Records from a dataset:
• • • • • • •

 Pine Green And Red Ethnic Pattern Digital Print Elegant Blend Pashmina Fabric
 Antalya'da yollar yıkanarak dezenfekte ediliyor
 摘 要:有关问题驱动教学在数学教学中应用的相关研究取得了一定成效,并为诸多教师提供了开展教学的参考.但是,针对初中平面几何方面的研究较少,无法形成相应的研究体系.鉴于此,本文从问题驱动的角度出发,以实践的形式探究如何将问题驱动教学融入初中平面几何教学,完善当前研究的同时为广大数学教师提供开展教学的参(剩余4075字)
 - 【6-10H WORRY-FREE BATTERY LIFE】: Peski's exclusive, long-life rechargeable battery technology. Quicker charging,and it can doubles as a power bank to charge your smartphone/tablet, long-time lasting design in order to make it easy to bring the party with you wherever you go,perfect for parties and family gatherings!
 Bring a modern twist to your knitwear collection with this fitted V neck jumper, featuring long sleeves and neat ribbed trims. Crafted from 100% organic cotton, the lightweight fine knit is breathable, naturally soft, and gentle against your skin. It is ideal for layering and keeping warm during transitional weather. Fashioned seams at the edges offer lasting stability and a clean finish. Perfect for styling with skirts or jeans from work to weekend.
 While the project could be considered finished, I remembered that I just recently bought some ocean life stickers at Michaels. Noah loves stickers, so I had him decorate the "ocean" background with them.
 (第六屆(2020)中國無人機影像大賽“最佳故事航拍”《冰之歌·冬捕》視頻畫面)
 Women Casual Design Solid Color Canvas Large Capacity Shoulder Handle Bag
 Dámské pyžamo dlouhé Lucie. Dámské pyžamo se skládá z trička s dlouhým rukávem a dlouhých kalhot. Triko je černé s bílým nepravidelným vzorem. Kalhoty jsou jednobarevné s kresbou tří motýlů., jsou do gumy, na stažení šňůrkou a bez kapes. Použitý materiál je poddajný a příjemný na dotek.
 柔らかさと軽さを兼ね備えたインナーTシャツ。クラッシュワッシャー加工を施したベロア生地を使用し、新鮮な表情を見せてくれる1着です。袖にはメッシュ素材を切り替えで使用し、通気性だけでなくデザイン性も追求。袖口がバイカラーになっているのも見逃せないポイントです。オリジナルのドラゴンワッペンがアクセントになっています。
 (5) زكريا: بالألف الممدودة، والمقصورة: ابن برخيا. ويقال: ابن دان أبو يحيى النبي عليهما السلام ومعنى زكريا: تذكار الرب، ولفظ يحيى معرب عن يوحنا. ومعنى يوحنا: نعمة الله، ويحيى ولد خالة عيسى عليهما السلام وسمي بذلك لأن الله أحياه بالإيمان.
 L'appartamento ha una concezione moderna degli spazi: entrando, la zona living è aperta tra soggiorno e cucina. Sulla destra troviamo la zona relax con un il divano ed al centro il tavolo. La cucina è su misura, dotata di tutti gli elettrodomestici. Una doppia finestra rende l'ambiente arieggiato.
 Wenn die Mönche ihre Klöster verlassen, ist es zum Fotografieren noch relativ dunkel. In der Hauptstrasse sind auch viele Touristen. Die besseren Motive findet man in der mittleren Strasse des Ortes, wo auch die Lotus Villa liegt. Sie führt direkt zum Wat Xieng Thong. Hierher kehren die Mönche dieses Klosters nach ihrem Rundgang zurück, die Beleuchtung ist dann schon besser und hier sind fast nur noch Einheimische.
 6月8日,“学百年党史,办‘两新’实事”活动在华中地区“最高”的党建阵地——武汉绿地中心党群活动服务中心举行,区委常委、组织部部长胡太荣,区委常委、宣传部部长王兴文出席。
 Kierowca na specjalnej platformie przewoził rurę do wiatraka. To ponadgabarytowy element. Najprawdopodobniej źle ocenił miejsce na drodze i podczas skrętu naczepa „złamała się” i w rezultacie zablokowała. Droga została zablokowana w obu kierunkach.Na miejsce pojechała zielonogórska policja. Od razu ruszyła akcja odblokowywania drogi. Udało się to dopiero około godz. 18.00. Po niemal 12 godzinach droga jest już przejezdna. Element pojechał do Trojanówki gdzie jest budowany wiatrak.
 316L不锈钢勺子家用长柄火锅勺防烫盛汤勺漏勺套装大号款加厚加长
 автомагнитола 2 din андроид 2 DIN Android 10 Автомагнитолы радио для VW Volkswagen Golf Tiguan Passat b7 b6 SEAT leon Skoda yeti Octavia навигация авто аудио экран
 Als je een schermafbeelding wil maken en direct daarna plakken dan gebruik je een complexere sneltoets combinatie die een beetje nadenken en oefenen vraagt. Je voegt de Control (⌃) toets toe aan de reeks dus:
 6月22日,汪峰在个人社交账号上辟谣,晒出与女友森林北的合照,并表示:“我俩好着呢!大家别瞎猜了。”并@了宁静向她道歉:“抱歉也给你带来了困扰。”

• • • • • • •

== Task instructions ==
Lines holding the word "lasting" in the entries above are the ones to pull out. Copy them all.

== Result of this task ==
 - 【6-10H WORRY-FREE BATTERY LIFE】: Peski's exclusive, long-life rechargeable battery technology. Quicker charging,and it can doubles as a power bank to charge your smartphone/tablet, long-time lasting design in order to make it easy to bring the party with you wherever you go,perfect for parties and family gatherings!
 Bring a modern twist to your knitwear collection with this fitted V neck jumper, featuring long sleeves and neat ribbed trims. Crafted from 100% organic cotton, the lightweight fine knit is breathable, naturally soft, and gentle against your skin. It is ideal for layering and keeping warm during transitional weather. Fashioned seams at the edges offer lasting stability and a clean finish. Perfect for styling with skirts or jeans from work to weekend.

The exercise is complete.